Fate/Zero, the author posits, follows a similar narrative. It’s not coincidental that both are Nasuverse titles. Furthermore, the Kenshin releases were also high-profile but not exceptionally popular in the US, not to mention the somewhat complicated licensing situation surrounding them.
For brand-new intellectual properties (IPs), it’s unlikely this strategy will be employed because licensing prices have demonstrably decreased. This might also explain why Sentai Filmworks has picked up a number of titles recently.
Returning to the original question, there remains some room for doubt. In a world where anime demand and supply are depressed—fewer titles are licensed, and a higher percentage of newly licensed titles fall into the “cheaper, mass-retail” model like Fullmetal Alchemist or Bleach—the average out-of-pocket cost for American anime buyers would be lower.
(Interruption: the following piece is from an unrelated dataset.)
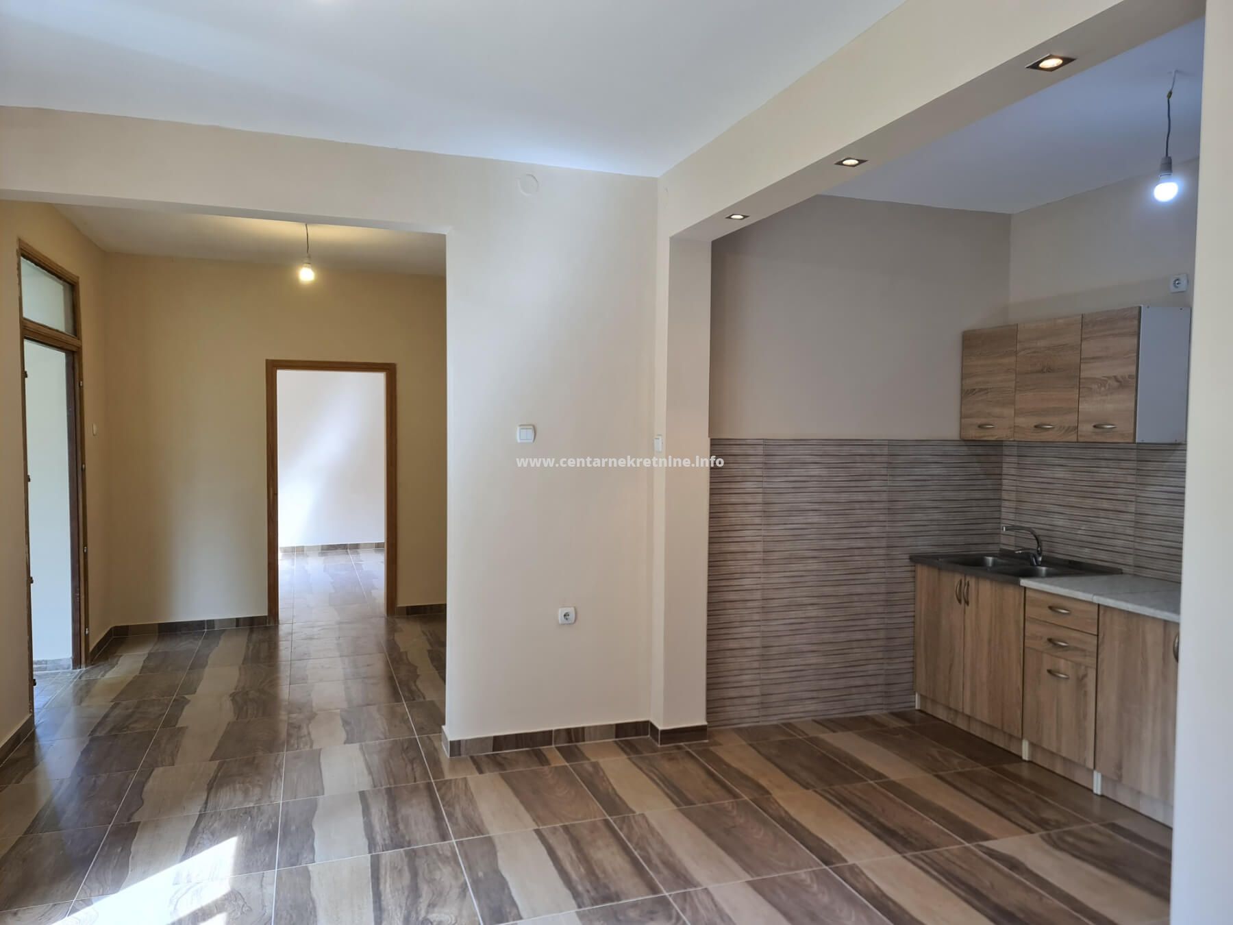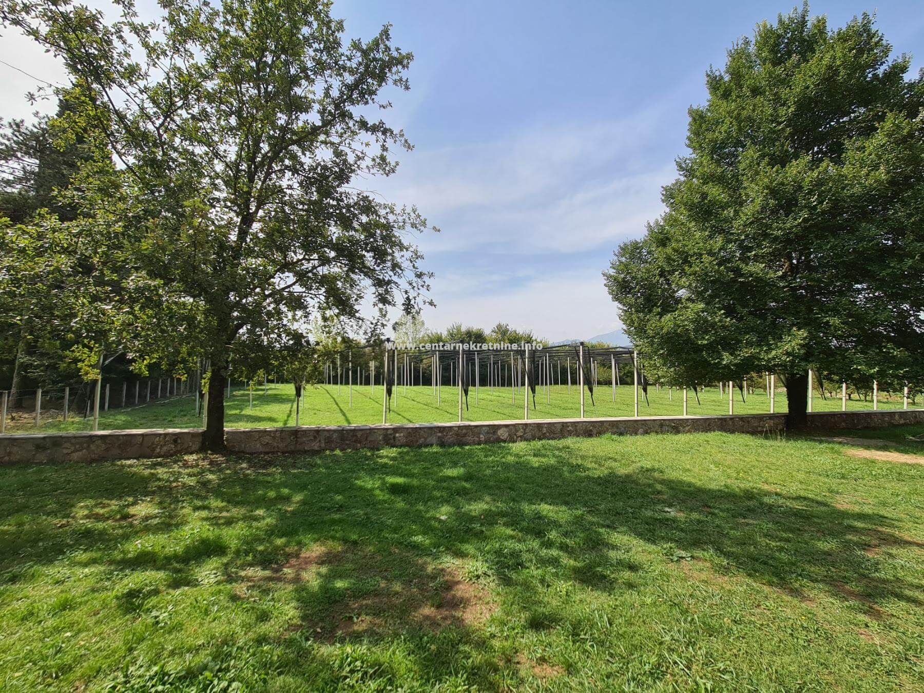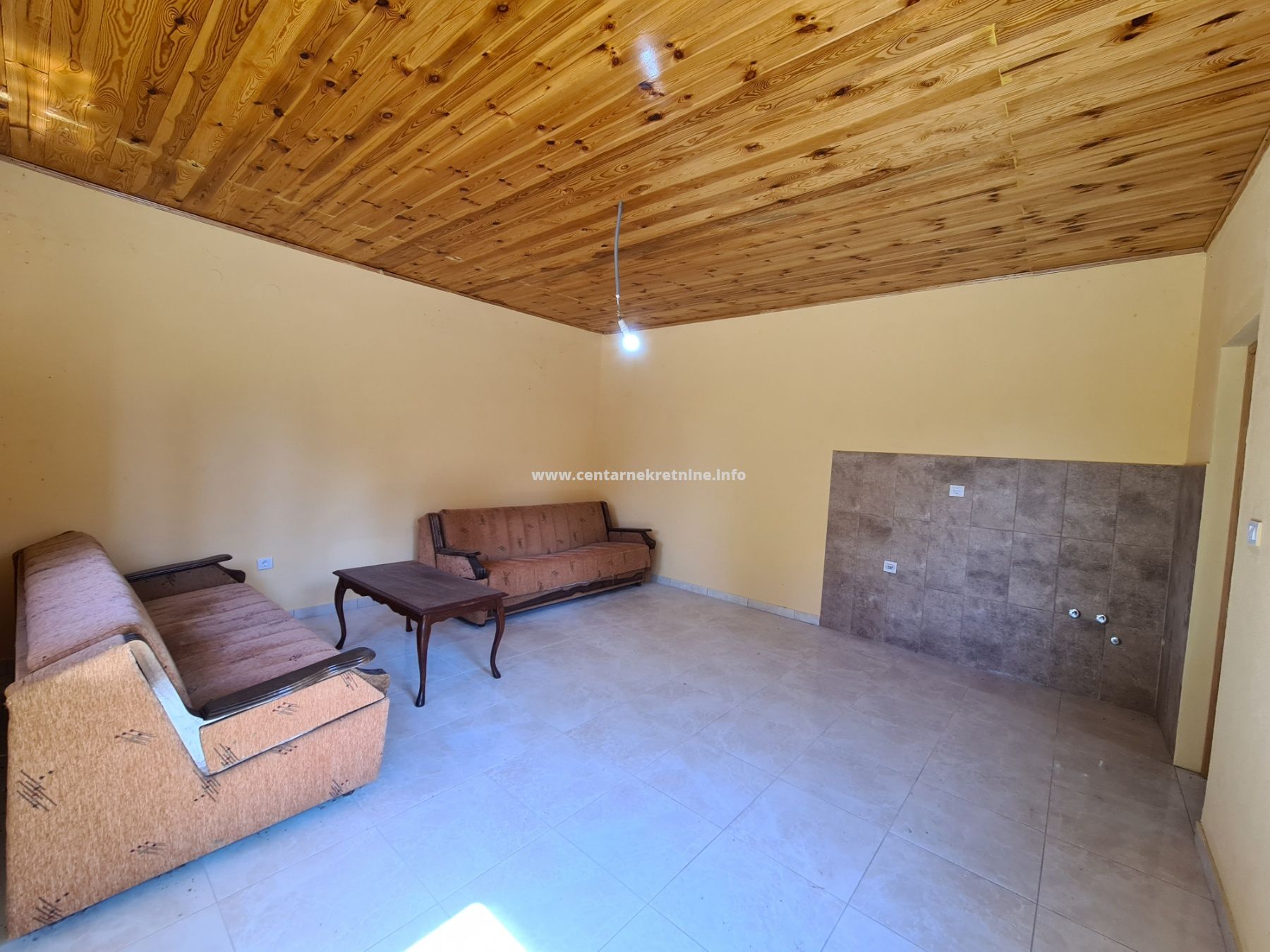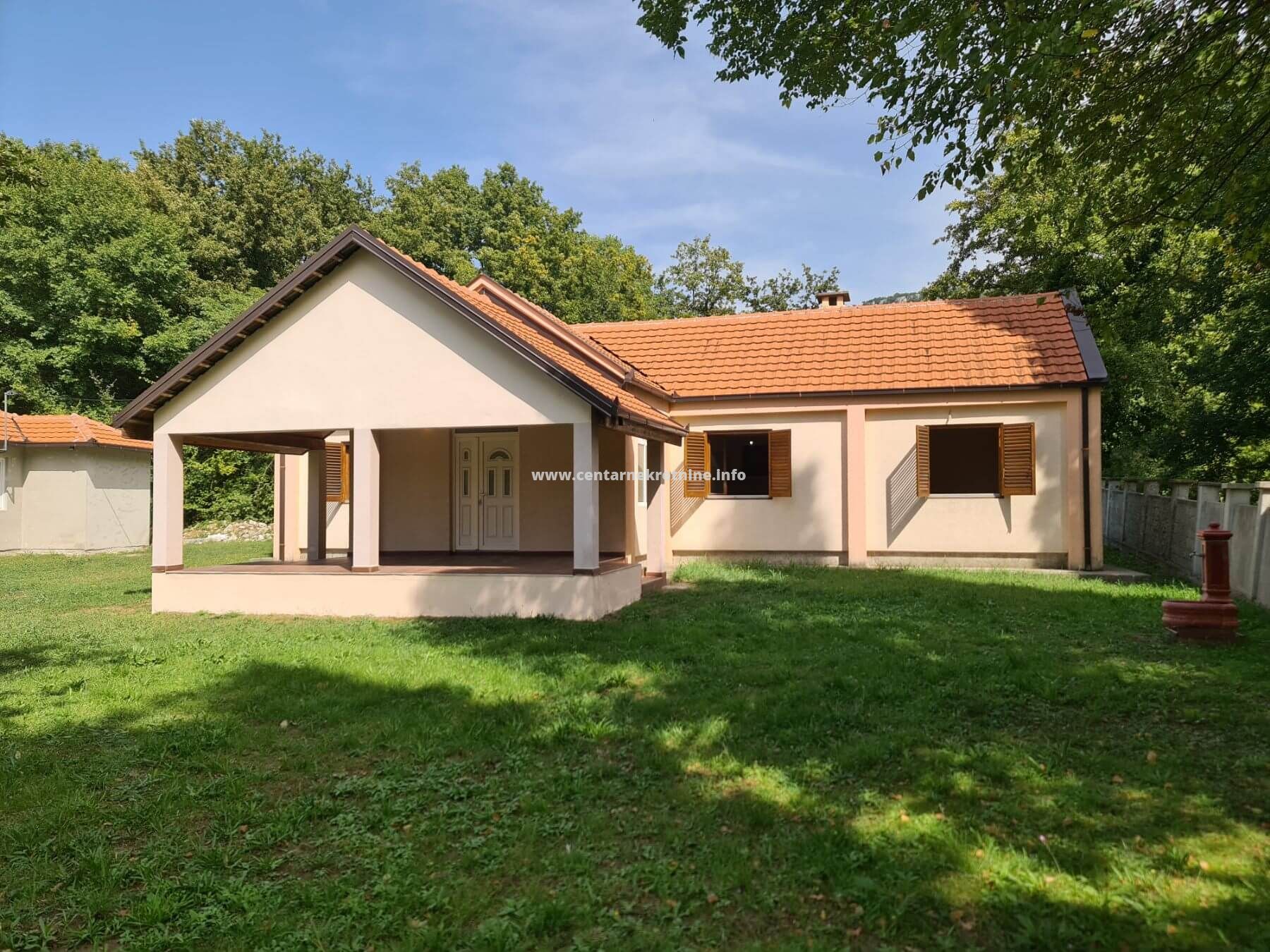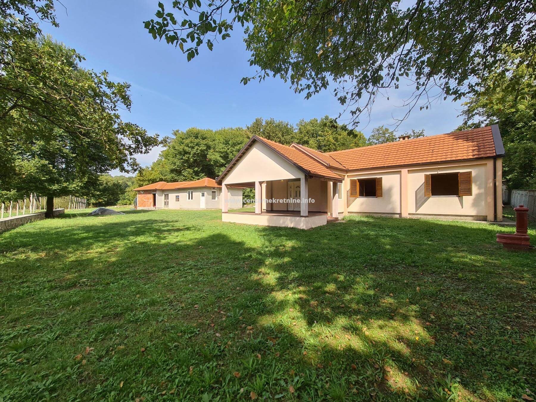Prodaje se odlicna, nova prizemna kuca povrsine 90m2, sa pomocnim objektima povrsine 80m2, na prostranom imanju od ukupno 11.000m2. Na kuci je urađena demit fasada, ima veliku terasu od 20m2 i strukture je dvosobnog stana. Jedan od pomocnih objekata sređen je kao garsonjera. Na imanju se nalazi vocnjak sa sadnicama visnje, sljive, kajsije i nektarine, kao i 2000m2 sume.
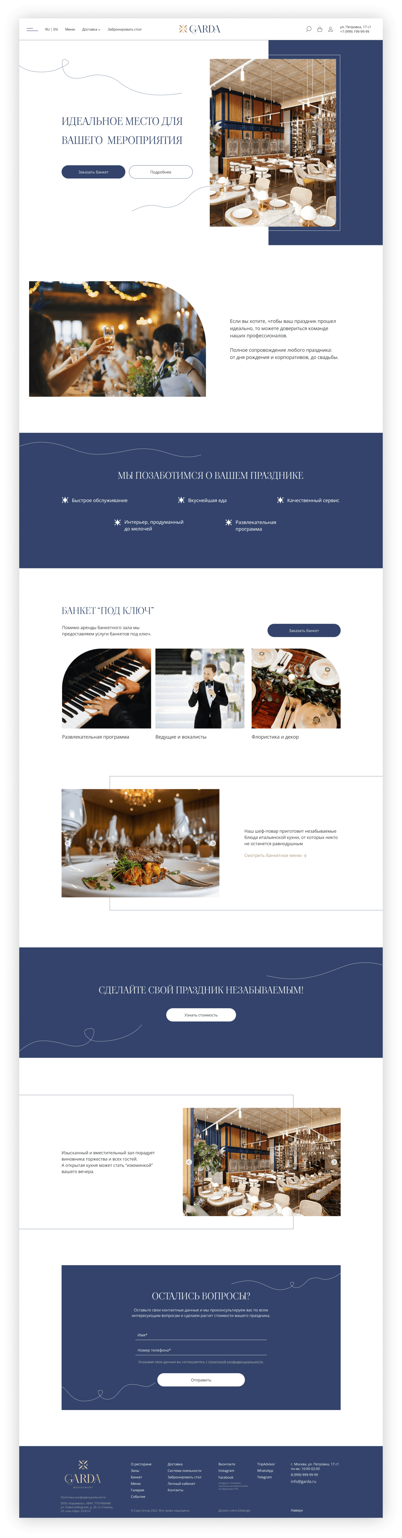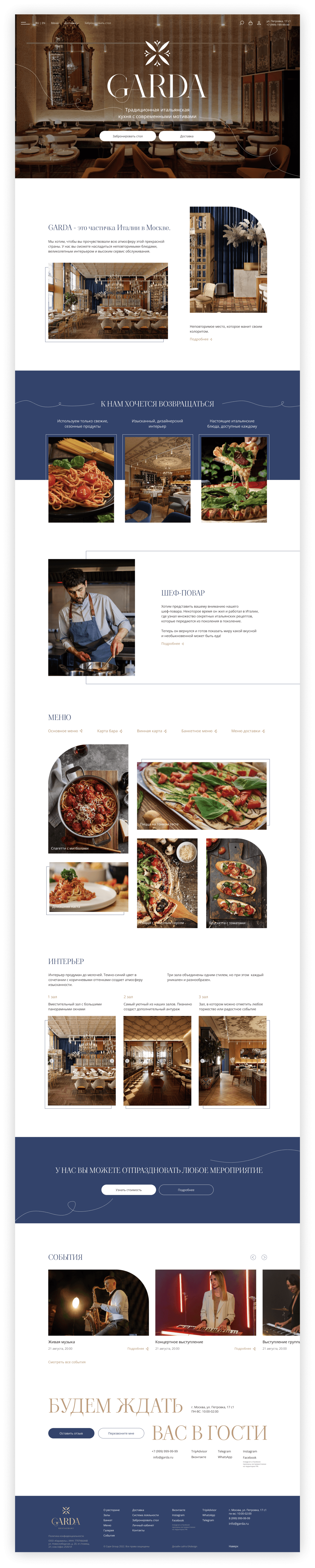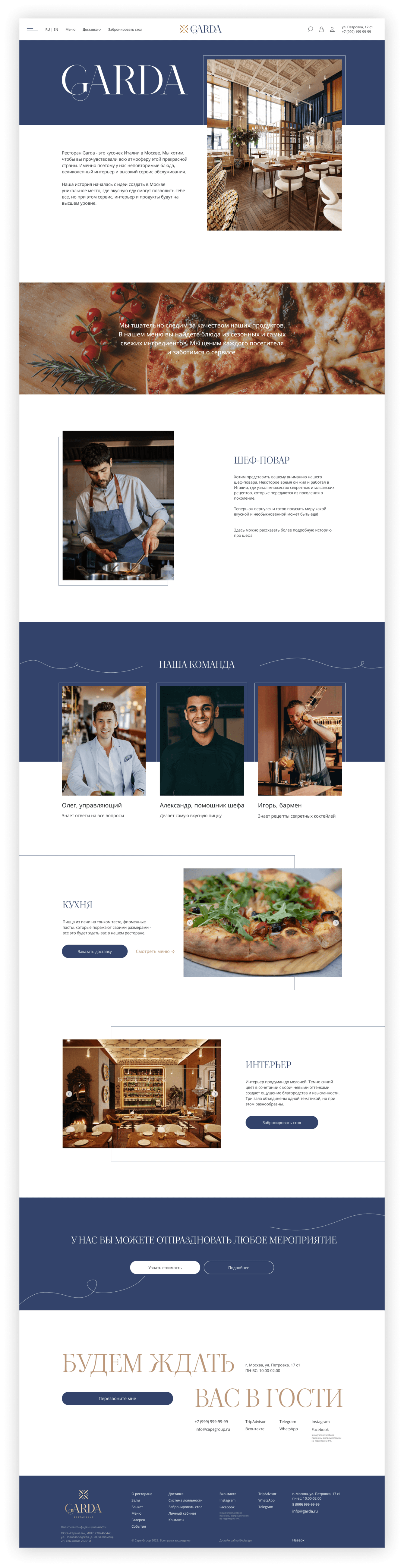 Сайт для итальянского ресторана “Garda”, который полностью отображает его концепцию: утонченный и элегантный.

In such a world, niche titles would likely become more expensive or cease to exist at a localized price. However, this scenario is, in essence, the current reality. Observing the Manufacturer’s Suggested Retail Price (MSRP) for today’s anime titles on a per-title basis between Sentai Filmworks and Funimation, and noting the upward trend, it’s clear that Funimation has begun adopting strategies similar to Hollywood’s.
To reduce the price of these items, it remains a matter of speculation as to what methods would be most effective. This is why the author believes that the retailing of a select handful of Aniplex titles to importers, among all publishers, is unlikely to significantly alter the overall picture.
It’s not a novel approach and appears to be more of a response to current market conditions than a deliberate attempt to harm budget-conscious fans.